The documentary premiered at Seattle's Translation Transgender Film Festival in 2016, followed by screenings at the Hong Kong Lesbian and Gay Film Festival and Jakarta Queer Film Festival.

Synopsis

What is it that makes Chinese men mostly invisible and de-sexualised in the West? Why, by contrast, are Chinese women nearly always seen as desirable and objectified sexually?  Zoe has grappled with this question in her work as an actor on stage and in her private life.  Pre-transitioning, as a Chinese man living in the West he often passes unnoticed, but as a Chinese woman, Zoe attracts the male gaze and feels empowered. Is she subverting the power she feels as a woman because she was once a man?

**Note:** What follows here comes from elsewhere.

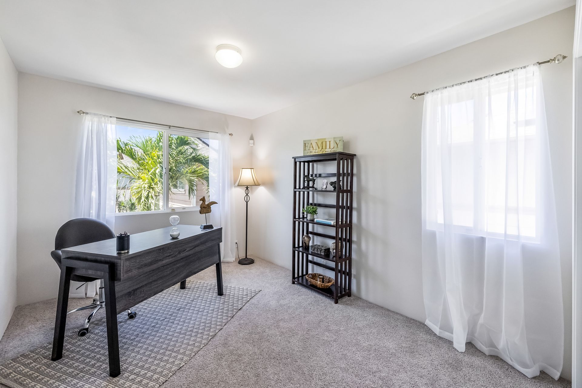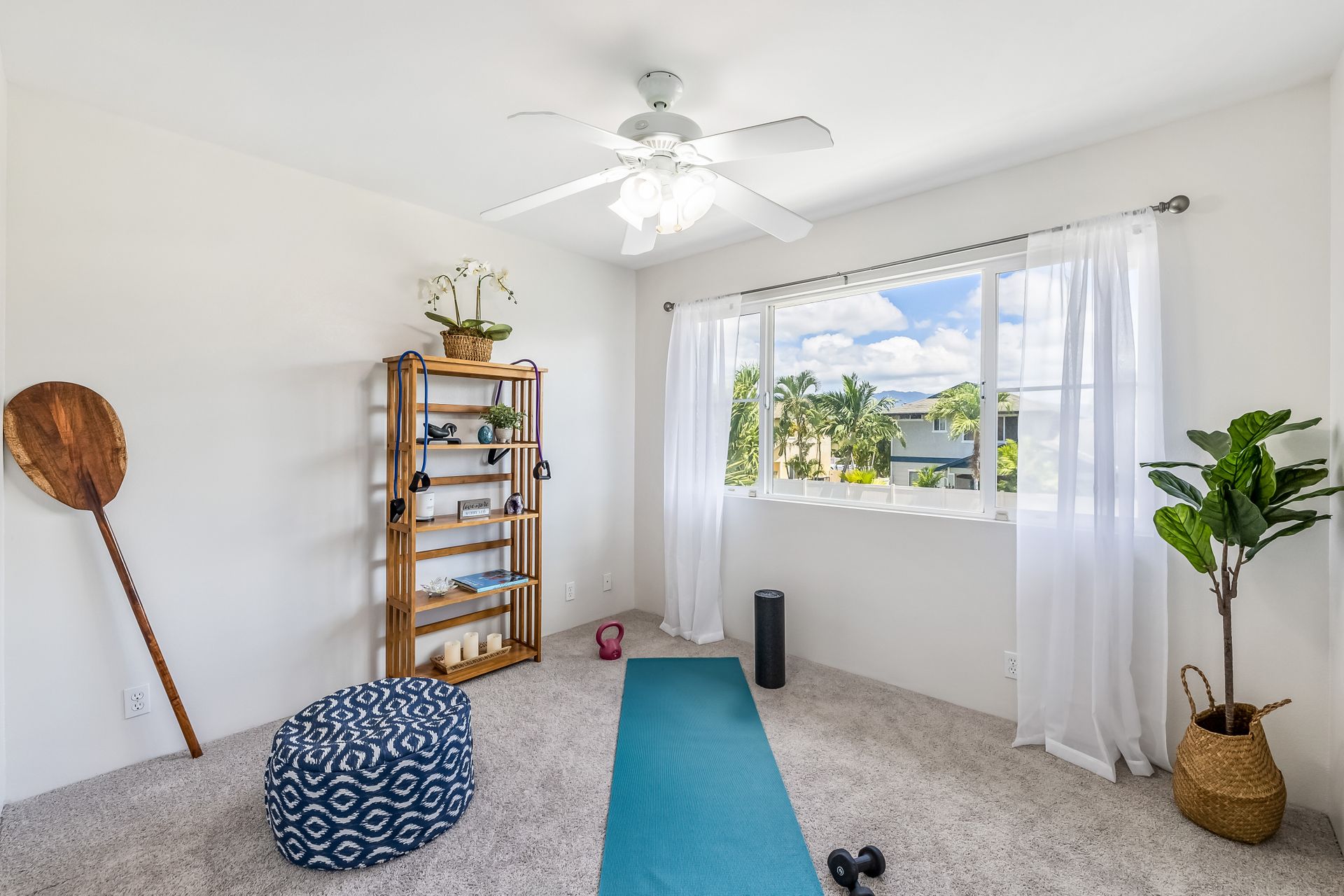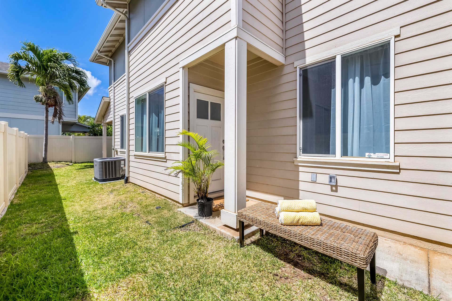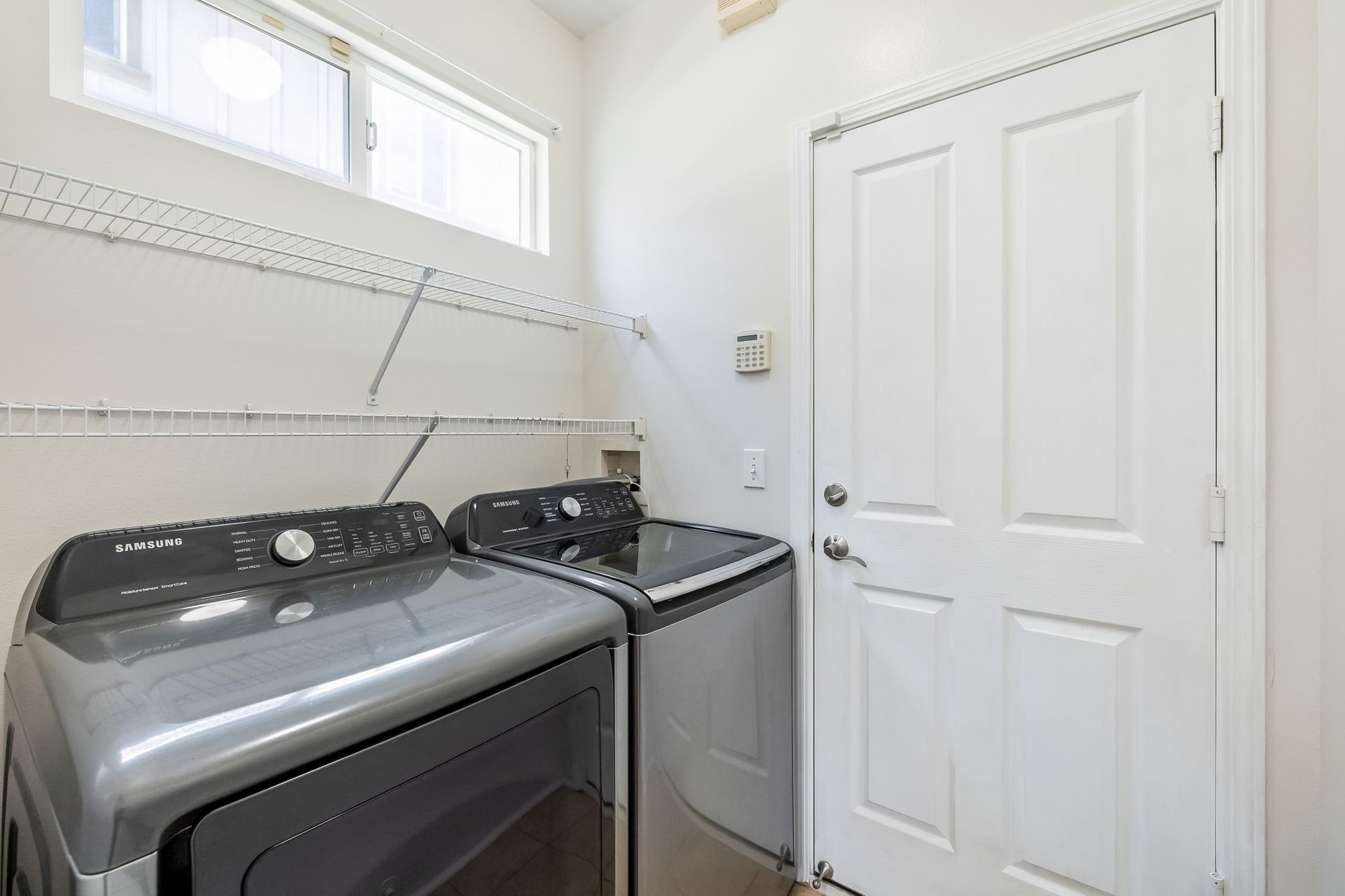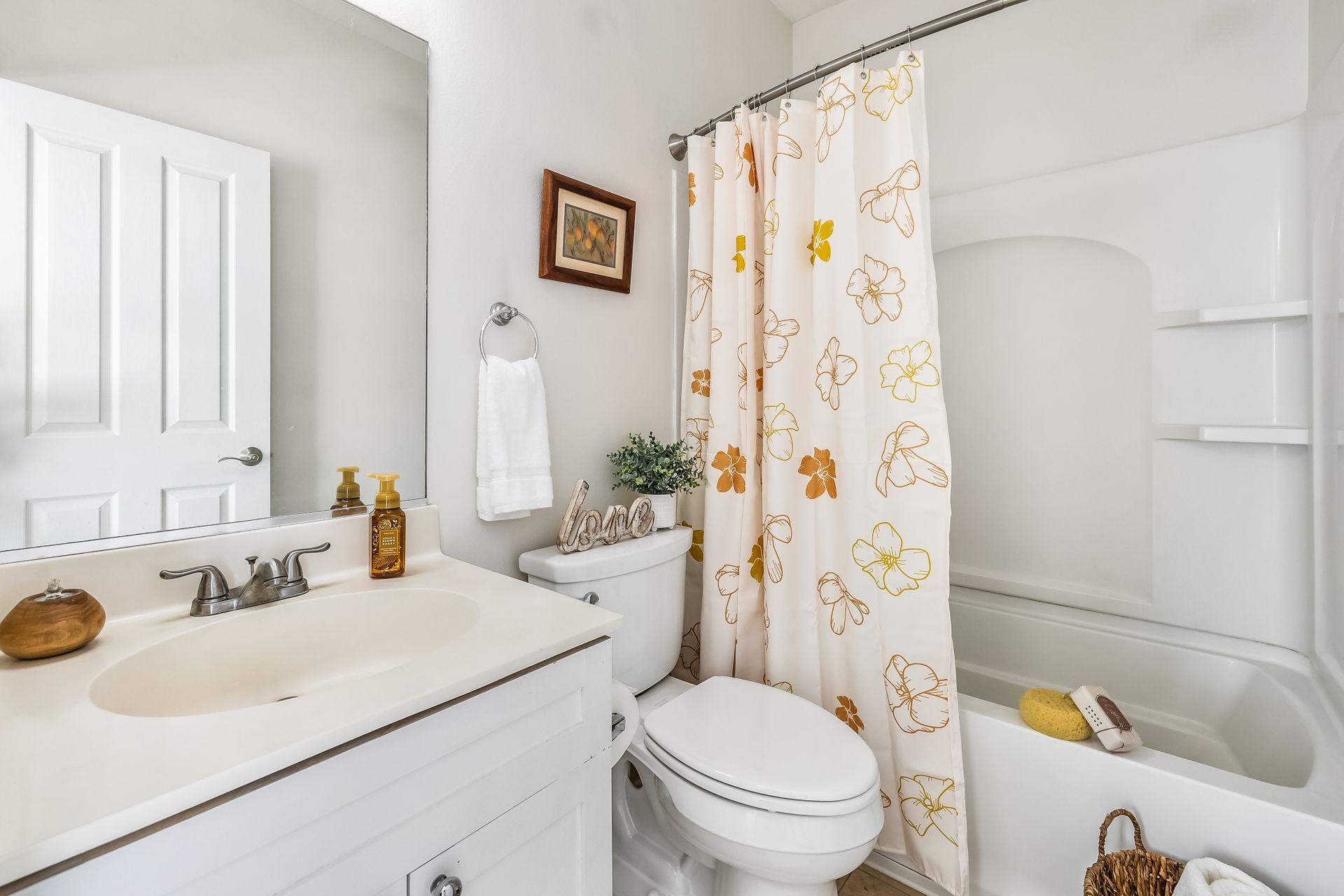 Enjoy quality time with family and friends in the large covered lanai and fenced backyard. The community pool and recreational facility are nearby for more options. Upstairs, discover a primary suite, three additional bedrooms, a guest bathroom, and extra space for an office or playroom. The primary bedroom features a large walk-in closet and dual sinks.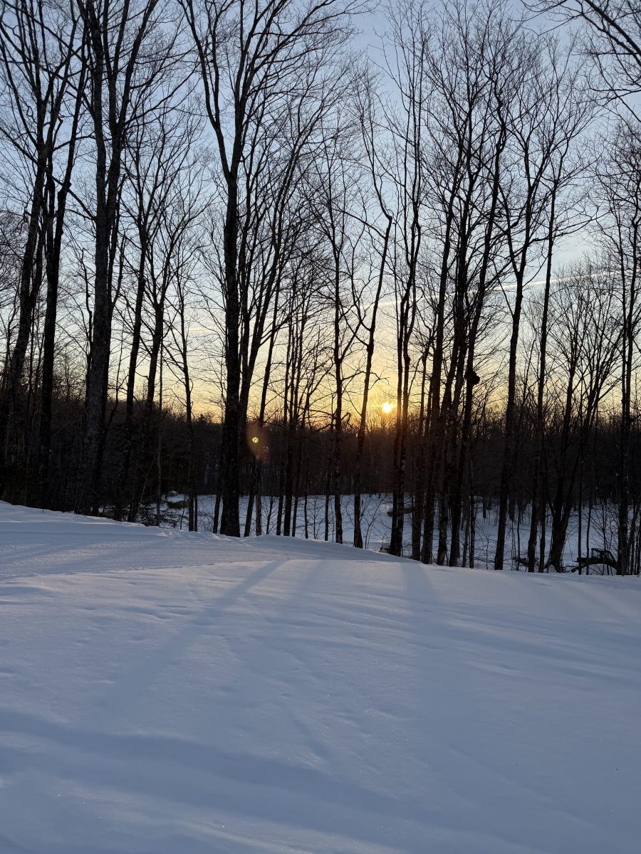 The birds are busy too. We are filling the bird feeder daily. We have all the normal winter bird feeder birds, blue jays, chickadee, tufted tit mice, red breasted nuthatch, white breasted nuthatch, downy woodpeckers, hairy woodpeckers, mourning doves, goldfinches, and we have had a pine grosbeak or two. We have purple finches off and on. And as spring gets closer we have quite a few juncos. We have not seen many evening grosbeaks, we don’t really have cardinals here, except as they pass through to better habitat. Last weekend we had two skiers with binoculars and it was fun to hear which birds they had spotted in the woods.

Deconstructing Zoe is a vivid and intimate portrait of a transgender actor. It is an exploration of gender, race, sexuality and identity, seen through Zoe's eyes. We trace the journey from boyhood in a small town in Malaysia to the West-end stage via the trans scene of London. 

Interviews are interwoven with performances from Zoe’s semi-auto biographical play “An Occasional Orchid”.  The performance pieces echo the experience of a transgendered person, who Zoe says often live a twilight existence.  The orchid is also a metaphor for how Asian women are seen to be exotic, beautiful and desirable in the West.

Deconstructing Zoe has an important message to us all, that gender is not fixed or binary, but for some is a spectrum and that at any one time we can be gender”queer”, indefinable and sexually fluid.